Exercise aim: In the listing that follows, find the line with "体育资讯03月23日讯 凌晨", then copy exactly from it through the line with "(8c) | Si I |", leaving out every picture.

Data supplied:
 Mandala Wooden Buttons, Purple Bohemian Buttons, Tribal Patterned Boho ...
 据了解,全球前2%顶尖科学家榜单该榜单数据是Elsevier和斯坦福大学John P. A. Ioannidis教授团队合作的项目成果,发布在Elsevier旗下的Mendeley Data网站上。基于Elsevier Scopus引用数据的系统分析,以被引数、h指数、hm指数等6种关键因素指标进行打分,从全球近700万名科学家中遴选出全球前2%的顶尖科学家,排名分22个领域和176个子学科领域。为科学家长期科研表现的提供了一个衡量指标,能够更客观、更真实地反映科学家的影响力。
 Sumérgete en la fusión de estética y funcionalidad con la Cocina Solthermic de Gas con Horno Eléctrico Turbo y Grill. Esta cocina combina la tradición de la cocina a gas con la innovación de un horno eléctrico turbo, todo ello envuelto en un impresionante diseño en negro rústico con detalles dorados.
...
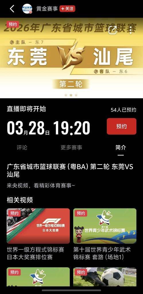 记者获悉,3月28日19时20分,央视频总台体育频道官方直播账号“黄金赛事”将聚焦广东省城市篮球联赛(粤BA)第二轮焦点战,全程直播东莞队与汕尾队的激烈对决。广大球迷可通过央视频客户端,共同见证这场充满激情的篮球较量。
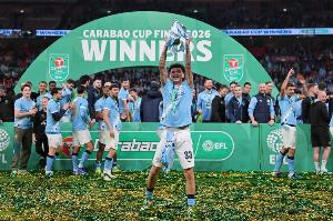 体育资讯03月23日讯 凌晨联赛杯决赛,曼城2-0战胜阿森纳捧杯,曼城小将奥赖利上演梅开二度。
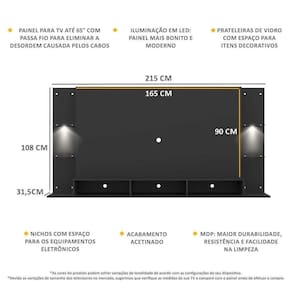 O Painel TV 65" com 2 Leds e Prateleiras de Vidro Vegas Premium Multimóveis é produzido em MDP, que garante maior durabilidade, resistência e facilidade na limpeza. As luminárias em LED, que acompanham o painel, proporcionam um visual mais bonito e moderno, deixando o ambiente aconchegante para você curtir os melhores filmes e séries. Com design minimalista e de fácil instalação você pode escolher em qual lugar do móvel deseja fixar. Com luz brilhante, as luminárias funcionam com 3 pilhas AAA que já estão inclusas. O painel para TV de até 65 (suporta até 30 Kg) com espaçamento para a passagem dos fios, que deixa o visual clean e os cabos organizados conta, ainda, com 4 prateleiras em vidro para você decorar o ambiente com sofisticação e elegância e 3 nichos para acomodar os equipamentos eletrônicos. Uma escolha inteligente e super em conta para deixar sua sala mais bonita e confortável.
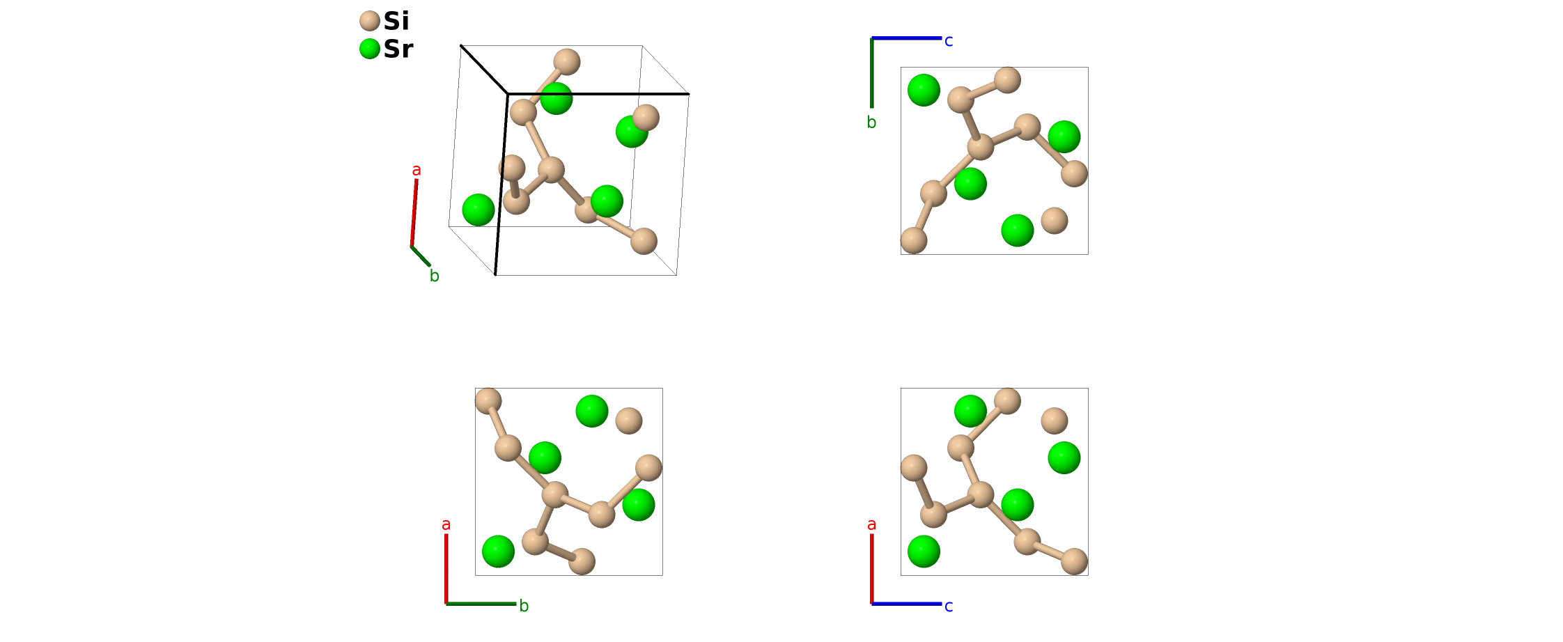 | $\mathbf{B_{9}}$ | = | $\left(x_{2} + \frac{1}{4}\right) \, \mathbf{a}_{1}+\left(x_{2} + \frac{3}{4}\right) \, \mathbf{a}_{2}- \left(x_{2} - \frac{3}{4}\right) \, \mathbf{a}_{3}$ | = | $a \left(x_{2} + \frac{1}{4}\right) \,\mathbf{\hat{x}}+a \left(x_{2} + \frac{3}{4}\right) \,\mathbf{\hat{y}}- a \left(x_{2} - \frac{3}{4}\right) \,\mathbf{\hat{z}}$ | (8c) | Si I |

Answer for this exercise:
 体育资讯03月23日讯 凌晨联赛杯决赛,曼城2-0战胜阿森纳捧杯,曼城小将奥赖利上演梅开二度。
 O Painel TV 65" com 2 Leds e Prateleiras de Vidro Vegas Premium Multimóveis é produzido em MDP, que garante maior durabilidade, resistência e facilidade na limpeza. As luminárias em LED, que acompanham o painel, proporcionam um visual mais bonito e moderno, deixando o ambiente aconchegante para você curtir os melhores filmes e séries. Com design minimalista e de fácil instalação você pode escolher em qual lugar do móvel deseja fixar. Com luz brilhante, as luminárias funcionam com 3 pilhas AAA que já estão inclusas. O painel para TV de até 65 (suporta até 30 Kg) com espaçamento para a passagem dos fios, que deixa o visual clean e os cabos organizados conta, ainda, com 4 prateleiras em vidro para você decorar o ambiente com sofisticação e elegância e 3 nichos para acomodar os equipamentos eletrônicos. Uma escolha inteligente e super em conta para deixar sua sala mais bonita e confortável.
 | $\mathbf{B_{9}}$ | = | $\left(x_{2} + \frac{1}{4}\right) \, \mathbf{a}_{1}+\left(x_{2} + \frac{3}{4}\right) \, \mathbf{a}_{2}- \left(x_{2} - \frac{3}{4}\right) \, \mathbf{a}_{3}$ | = | $a \left(x_{2} + \frac{1}{4}\right) \,\mathbf{\hat{x}}+a \left(x_{2} + \frac{3}{4}\right) \,\mathbf{\hat{y}}- a \left(x_{2} - \frac{3}{4}\right) \,\mathbf{\hat{z}}$ | (8c) | Si I |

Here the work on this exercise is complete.